Since we are little, all or almost all of us suffer from some type of phobia. Some are afraid of the dark, others of insects, enclosed spaces, etc. If we live in a big city and have a phobia of snakes, we may not have to worry about it. But if our son has a phobia of the dark and does not want to sleep alone, perhaps it is time to put emotional role-plays into practice.
Remember that a specific phobia, according to the DSM-V, is a "persistent, excessive or irrational fear of the presence or anticipation of specific objects or situations." It is a fear that is highly investigated by scientific psychological literature since, in principle, it is something irrational. Agoraphobia or phobia of clowns are also the best known. Why do they arise? How do they arise? And above all, how can we cope?
One of the techniques used to reduce and / or eliminate the phobia is emotional staging. It is applied mainly in children. It is a technique that is based on a gradual exposure to the feared situation through play activities.
"Fear arises from a weakness of the mind and, therefore, does not belong to the use of reason." -Saruch Spinoza-
The therapist asks the child to choose a movie or cartoon hero that he likes and arouses his admiration. The therapist explains to the child how the game will unfold and who will represent each character in the story. In this way, it establishes and awakens courageous behaviors in him..
Before the application of the emotional staging technique, a hierarchical program must be constructed combining physical variables. Among which we can find, exposure time or intensity of light. This hierarchy serves to establish the situations that will be faced, from the least to the most feared.
As Méndez Carrillo's team (2003) indicates, "a reinforcement system is programmed, consisting of the administration of social reinforcement (for example, encouraging phrases, smiles, winks) and material reinforcement when the child exceeds the the hierarchy". In relation to the reinforcement system, the token economy is usually used. It consists of prizes that the child can get and are related to the phobia treated.
When the child is in full play, the therapist asks him to take the first step in the hierarchy as if it were an episode in the plot. What happens if the child deals with it correctly? It is reinforced materially and socially. But if he refuses to carry out the action proposed to him, the exhibition is interrupted before the time expires or before he shows fear. The child is then encouraged to repeat the action.
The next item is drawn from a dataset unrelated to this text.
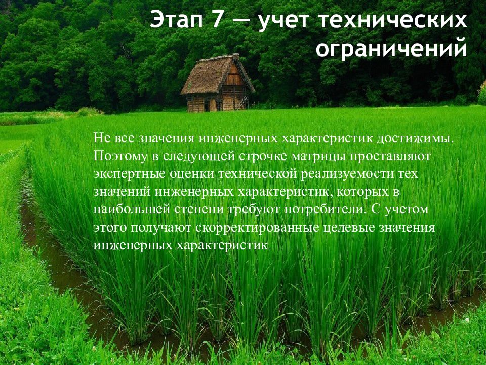 В результате выполнения предыдущих этапов проектировщики получили ранжированный список потребительских требований, составленный на языке потребителя, и инженерных характеристик, сформулированных на языке разработчиков. Для успешной разработки изделия потребительские требования необходимо перевести в инженерные характеристики

Behind this technique is a learning process known as counterconditioning. What does it consist of? If an opposite response is triggered by a stimulus that elicits a fear response, the stimulus will lose strength and will no longer elicit fear. That is, if the fear of the dark is associated with play, fun or laughter; darkness will stop causing this fear and will have a neutral or positive value.
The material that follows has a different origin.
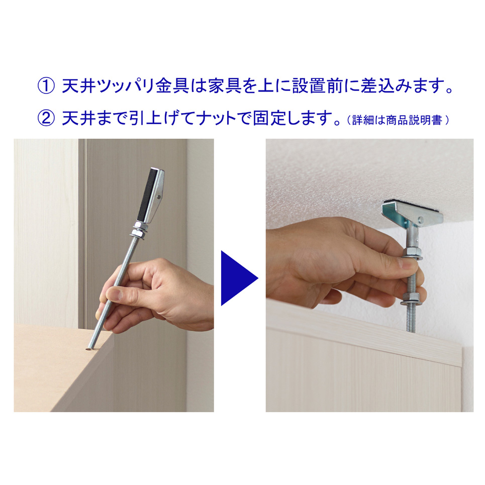 しっかり支えて安心の天井突っ張り式。

According to Méndez Carrillo (2003), "an item is considered passed when the child performs the behavior a couple of successive trials without the need for help and without expressing fear". Little by little, the therapist introduces new situations until the hierarchy is completed.
The number of sessions of the program is variable and depends on the severity of the phobia. The duration of each session can be between 30 and 45 minutes with a frequency of 2 to 3 weekly sessions. Parents are also instructed to encourage appropriate behaviors at home through reinforcement..
Once the program is over, some sessions are usually organized to consolidate the progress made. The situations that have been the most difficult for the child to overcome are repeated to assess how he is doing. Several sessions are also planned to check that the achievements are maintained over time. Lastly, issues are resolved should any arise.
Usually it begins with instructions to parents to read to the child a story in which the main character has the same fear as him. However, this character is gradually exposing himself to the feared situations. At the same time, the child also performs the same behaviors in the form of play.
"Do not judge every day by the harvest you harvest, but by the seeds you plant." -Robert Louis Stevenson-
In this case, both the hero and the parents represent role models. In this way, a coping modeling is produced in which the feared situations are overcome little by little. The advantage of using a fictional character is that it can match the child's age and characteristics. As the child progresses, they will be given tokens that they will accumulate to get motivating prizes.
Work at home is essential. It is where the child will spend most of the time and where fear of the dark behavior is likely to manifest. For this reason, the work and rapport between the therapist and the parents will be a key aspect of the process..
Méndez, X., Orgilés, M. and Espada, J. (2004). Emotional Staging for Dark Phobia: A Controlled Essay. International Journal of Clinical and Health Psychology, 4, (3), 505-520.